An implicit solution in differential equations refers to a solution that links two functions without explicitly defining either one. In the context of the given differential equation, the implicit solution provided is \( \ln(x^2 + 10) \csc y = c \), where \( c \) is a constant. This equation highlights a relationship between \( x \) and \( y \) but does not isolate either variable. Implicit solutions are valuable because:

• They can often simplify complex relationships between variables when explicit solutions are difficult to derive.
• They allow for a broader understanding of how solutions behave over a range of values.

Differentiation techniques, such as the chain rule, can be used to verify that an implicit solution satisfies a differential equation, as seen in this problem.

A first-order differential equation involves derivatives of the first degree, meaning it only includes the first derivative of a function. The given equation, \( 2x \sin^2 y \, dx - (x^2 + 10) \cos y \, dy = 0 \), involves only the first derivative \( dy/dx \).Understanding first-order differential equations is critical because:

• They are foundational for more complex differential equations encountered in various fields such as physics and engineering.
• They often model real-world processes like growth rates and the spread of diseases.

To solve them, methods like separation of variables or integrating factors are often employed, depending on the equation's specific structure.

Constant solutions in differential equations are solutions where the function does not change with respect to the variable; for example, \( dy/dx = 0 \). In this problem, when \( dy/dx = 0 \), it leads to the equation \( - (x^2 + 10) \cos y = 0 \). From this, one can determine constant solutions as points where either:

• \( \cos y = 0 \), which means \( y = (2n+1)\frac{\pi}{2} \), where \( n \) is an integer.
• \( x = 0 \)

Constant solutions are useful:

• For identifying equilibrium states in physical systems, where variables remain unchanged over time.
• For simplifying complex systems by examining conditions that do not vary.
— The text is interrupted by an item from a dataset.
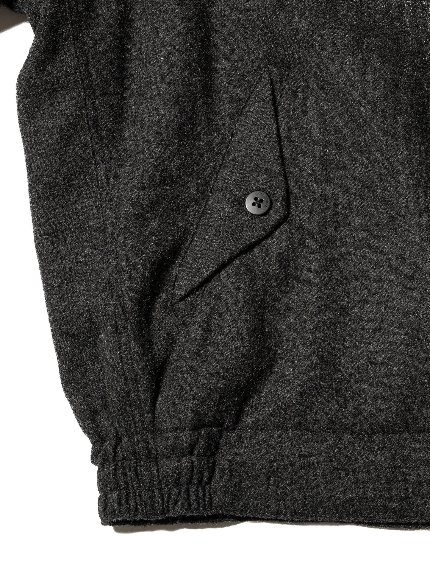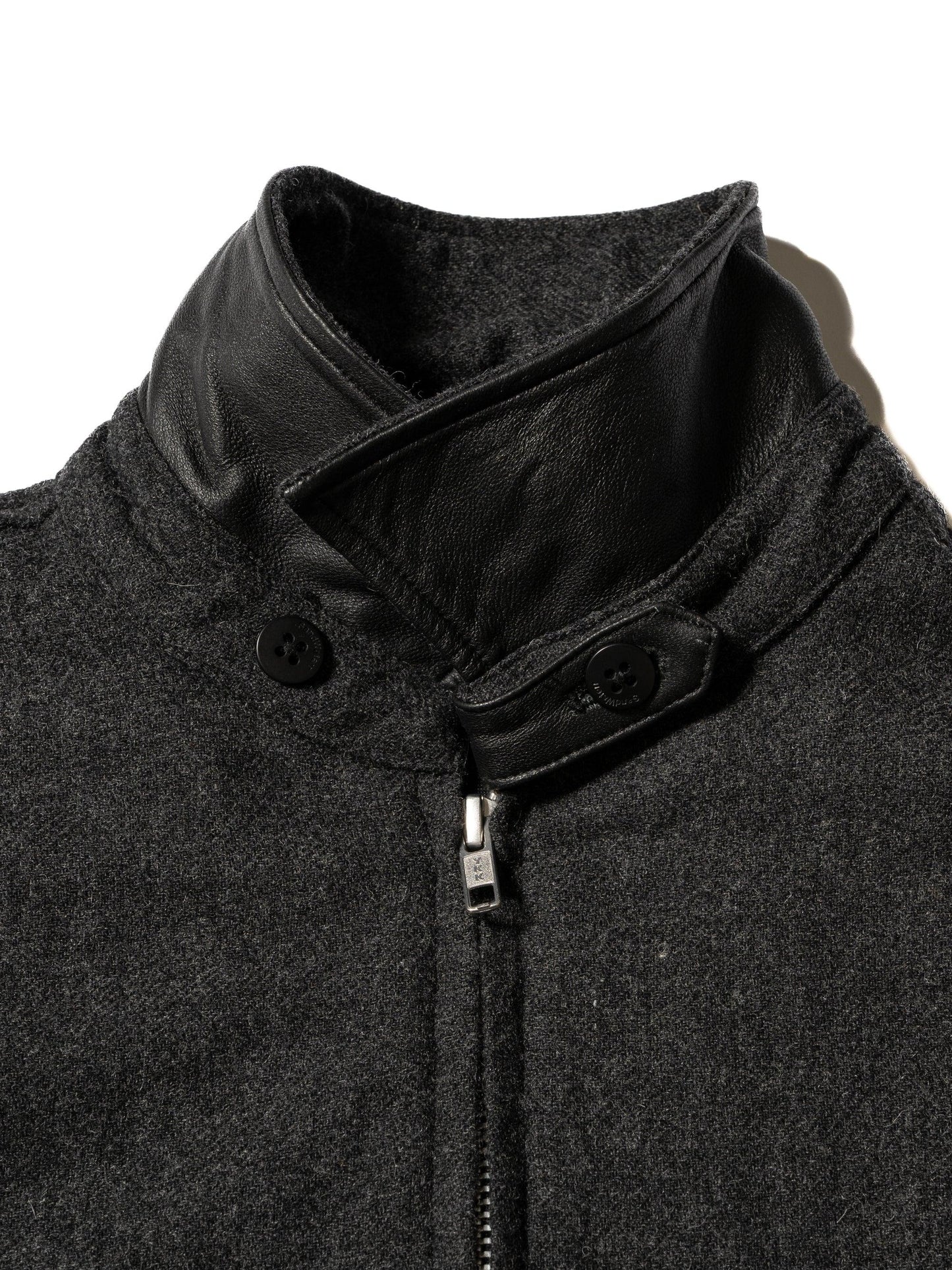 採用羊毛和合成纖維混紡的凸起斜紋織物。織物略帶毛刺,手感柔軟,厚度適中,耐用性極佳。產品經過水洗處理,褶皺恰到好處。衣領背面採用羊皮製成,提高了奢華感。羅紋下襬可用紐扣調節。
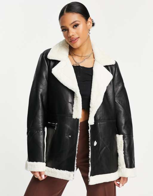 Chaqueta de aviador larga negra revestida con borreguito en contraste de QED London

Separation of variables is a method used to solve first-order differential equations. This technique involves rearranging the equation to isolate one variable and its differential on one side and the other variable and its differential on the other. The given differential equation gives us a path for separation: each term correlates identifiably to either \( x \) or \( y \). Steps for separation often include:

• Identifying and grouping terms in the equation that can be associated with one variable.
• Integrating both sides separately to find a solution.
• Using initial conditions or additional information to solve for integration constants.

This method is especially powerful for equations that can naturally divide into manageable segments, enabling straightforward integration and solution finding. It is a fundamental method because it's applicable to a broad range of simple to moderately complex differential equations.